- Porvorim
- Porvorim Location in Goa, India Porvorim Porvorim (India)
- Coordinates: 15°32′17″N 73°49′52″E﻿ / ﻿15.538°N 73.831°E
- Country: India
- State: Goa

Area
- • Total: 8.12 km^{2} (3.14 sq mi)

Population
- • Total: 59,066
- • Density: 7,274/km^{2} (18,840/sq mi)

Languages
- • Official: Konkani
- Time zone: UTC+5:30 (IST)
- Telephone code: 0832
- Vehicle registration: GA-03
- Website: goa.gov.in

= Porvorim =

Porvorim (pronounced /kok/) is the de facto legislative and executive capital of the state of Goa as both the Goa Legislative Assembly and Secretariat are functioning from the same complex in the region of Alto Porvorim in porvorim.(Alto – Portuguese word meaning high or upper).
It is also the De facto judicial capital of Goa. The High Court of Bombay at Goa (Bombay High Court – Panaji Bench) is now functioning from here in a new building complex overlooking the Mandovi river. Earlier it was functioning from the Lyceum complex in Panaji.
Porvorim is situated on the right bank (north bank) of the Mandovi River, as de jure capital of Goa, Panaji is located on the opposite bank.
Porvorim is considered an upmarket residential hub as it lies on the Mumbai–Goa highway NH66. Goa's largest shopping centre – Mall De Goa – is situated here.

==History==
Historically, Porvorim was originally centered on the village market at the crossroad between the Panaji–Mapusa highway and the Socorro–Sangolda road.
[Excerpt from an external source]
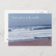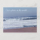 Eine Einzelfigur ist am Rand der Wellen in der unteren rechten Ecke stehend. Am Strand stürzen große Wellen vom Pazifischen Ozean. Der Horizont ist leer. Im Text steht: "Man hat Platz in der Welt ..." (kann personalisiert/verändert werden).

It used to be the por-vod or last vādo of the village of Socorro. Ecclesiastically speaking, the parish church was Nossa Senhora do Socorro, at Zosvaddo, Socorro; Porvorim was served by the Candelaria chapel near the market, and by the Holy Family chapel (now an independent church) higher up, in Alto Porvorim.

It was the ancestral home of eminent Goans such as Fr. Hubert Olympus Mascarenhas and Julio Ribeiro.

==Development==
Porvorim is now particularly a residential area with educational institutions around.

Porvorim is situated on the banks of the river Mandovi, with an excellent view of the state capital Panaji from the Mandovi bridge. Porvorim is home to several educational institutions, including the prominent Vidya Probhodhini Education Society, with pre-primary, primary, high school and senior secondary schooling sections.

==Educational and Government Institutes==
Porvorim is home to several educational and other governmental institutes.
- Directorate of Technical Education
- Goa Board of Secondary and Higher Secondary Education (GBSHSE)
- Vidya Prabodhini Parivar's L.D. Samant High School with Vidya Prabodhini Higher Secondary School
- ACDIL High School
- Holy Family High School
- Jnyan vikas
- Kids Kingdom International School
- Thomas Stefens Konkani Kendra
- Sanjay School for the disabled
- Spring Valley High School
- Teachers training college
- Institute of hotel management

==Government and politics==
Porvorim is part of Porvorim (Goa Assembly constituency) and North Goa (Lok Sabha constituency).

== Landmarks ==
Porvorim houses the Goa's biggest mall situated on the national highway.

==Hospitals and health centers==

- Mandovi Clinic
- RG Urology and Laparoscopy Hospital
- Manoshri Children's Hospital-Dr Kini's Clinic
- Chodankar Hospital
- Jesus Mary Joseph Hospital

==Notable people==

- Libia Lobo Sardesai – Freedom fighter and lawyer from Porvorim who operated the underground radio Voz da Liberdade during Goa’s liberation movement; awarded the Padma Shri in 2025.

- Rohan Khaunte – Politician representing the Porvorim constituency in the Goa Legislative Assembly.

- Erlic Pinto – Air Vice Marshal of the Indian Air Force associated with Porvorim; known for his role during Operation Vijay (1961).

- Julio Ribeiro – Former Commissioner of Police, Mumbai and senior IPS officer with ancestral roots in Porvorim.

- Hubert Olympus Mascarenhas – Catholic priest and scholar born in Porvorim, known for his contributions to theology and Indian philosophy.

- Teotonio R. de Souza – Historian and co-founder of the Xavier Centre of Historical Research in Alto Porvorim.

- Manuel J. D’Lima – Playwright and tiatr director associated with Porvorim’s theatre tradition.

- Ulhas Asnodkar – Former Deputy Speaker of the Goa Legislative Assembly associated with Porvorim.

- Prachi Shirodkar – Documentary filmmaker from Porvorim whose Konkani documentary Bhaangar: Kalakusar Karigiri received national award recognition and international festival selections.